Видя, что случай с лекарями меня не трогает, он заговорил о несчастье в семье сталевара Зотова. 

— Слышал: средний-то сынок их, Игнатий, в ремонтном который состоял, сукой оказался… На посылках контрразведка его содержала… Наши с поличным Игнатку накрыли! Вот уж старика-то жаль, такой верный старик… И выходит: батюшка у белых в тюрьме томится, сынок у них в лягашах бегает… 

Я выжидал момента, чтобы опросить об Анне. Или до сих пор о ней ничего не знали на заводе? 

— Стой, Ермил! О Рудаковой слышно что, нет? 

Задав свой вопрос, я затаился, готовя себя к любому ответу. 

— Цела-невредима, — откликнулся Ермил; помолчав, добавил: — С утра ее на заводе видели… Подалась будто с заводскими к тюрьме, тюрьму выручать. 

Ермил Мальцев не обязан был знать и не знал, как многие из окружающих, того, чем была для меня Анна. Но тусклый, полный равнодушия голос, каким говорил он об Анне, вызвал раздражение у меня. Только переспросив и убедившись, что равнодушие Ермила объяснялось уверенностью в благополучии Анны, я смог отдаться радости. 

Усталость мою как рукой сняло: Анна цела-невредима! 

По-новому вглядываюсь в Ермила: узнаю в нем себя, что-то от Анны, узнаю в нем всех, кого я любил, как любил себя в эти минуты. 

И те люди, что месили позади нас песок под копытами коней своих, и та вон стая галок, раскричавшаяся над леском к непогоде, и это небо, и эта земля под нами, — все, что видел и слышал я вокруг, было мило мне, как никогда, и близко, как никогда. Это — счастье! 

Человек — это вселенная, говорил я себе тогда, в дороге, поглядывая на Ермила.
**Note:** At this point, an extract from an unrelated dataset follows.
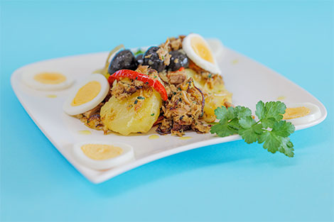 1. Numa panela com água, coloque sal, as batatas bem lavadas e os ovos. Tape e depois de começar a ferver, deixe cozer durante 25 minutos. 2. Passados 10 minutos, retire os ovos para uma tigela com água fria. Deixe cozer as batatas até que fiquem tenrinhas. 3. Depois das batatas cozidas, retire-as com uma escumadeira para uma travessa e deixe arrefecer. 4. Descasque os ovos e passe-os por água para tirar a casca. Com um cortador ou uma faca corte os ovos em rodelas. 5. Quando as batatas já não estiverem muito quentes, retire-lhes a pele. Corte as batatas em rodelas grossas. 6. Entretanto, faça o refogado. Numa frigideira larga, leve ao lume o azeite, a cebola, o pimento, o louro e os alhos. Mexa e deixe refogar muito bem em lume médio até que tudo fique lourinho. Ao refogado junte o atum. Tempere com sal e pimenta preta. Salteie tudo muito bem e caso seja necessário, acrescente mais um pouco de azeite. 7. Adicione a salsa picada e misture bem. Por fim, junte as azeitonas pretas e as rodelas de batatas cozidas. Envolva com cuidado para não partir as batatas e caso seja necessário, separe as rodelas batatas com um garfo. Salteie mais um pouco até que as batatas absorvam os sabores. Sirva com as rodelas de ovo por cima. A equipa do SaborIntenso.com deseja-lhe um bom apetite! Tempo de preparação: 45 minutos ![]()

Говорю так и сегодня, спустя много лет, вспоминая погоню за генералом, первую весть об Анне, тогдашнее свое счастье. Прошлое принадлежало в те минуты Глотову так же, как и этот счастливый день его. История не знала, кажется, событий, которые не служили бы Никите Глотову. Все они, от первого раба, предпочитавшего морскую пучину тысячам дней в неволе галеры, от раба до коммунара, умирающего под камнями своей баррикады, жили и действовали для него, Никиты, и это их голос слышал он, подвигаясь полем, проселками, рядом с шугаевским крановщиком Мальцевым, это их жизненная сила, поток их дел и дум, никогда не отцветающих, наполняли его светом. 
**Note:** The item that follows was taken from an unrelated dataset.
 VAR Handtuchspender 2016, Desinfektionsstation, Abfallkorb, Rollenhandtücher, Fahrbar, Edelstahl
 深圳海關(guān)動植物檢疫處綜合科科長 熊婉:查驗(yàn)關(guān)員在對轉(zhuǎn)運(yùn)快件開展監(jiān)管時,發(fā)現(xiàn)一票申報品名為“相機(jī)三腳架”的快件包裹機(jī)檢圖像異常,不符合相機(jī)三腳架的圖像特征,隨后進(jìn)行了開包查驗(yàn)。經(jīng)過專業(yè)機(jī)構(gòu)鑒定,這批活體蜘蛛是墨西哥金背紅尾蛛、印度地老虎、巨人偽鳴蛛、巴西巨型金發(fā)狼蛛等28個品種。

Да, ты не одинок, поступь твоя не одинока, Никита! С тобою твои единомышленники, твой завод, город, гнезда городов, и сама вечность посылает в круг твоих чувств, твоих помыслов целительные волны. Поколения шлют тебе из пространства весть свою: это голос трав у подножия твоего роста, это волнующий прибой событий, подготовлявших тебя. 

Я начинаю постигать сегодня всех, кто открыл эту дорогу твоей жизни, кто первым вступил на нее. Они позади и с нами, я слышу настороженную тяжесть рук их на твоем плече. И разве не затем над материками пролился дождь их мысли и крови, чтобы ты и я, ты и я с тобою, оба мы стали нынче еще более счастливыми, чем даже тогда, в день освобождения Шугаевска? 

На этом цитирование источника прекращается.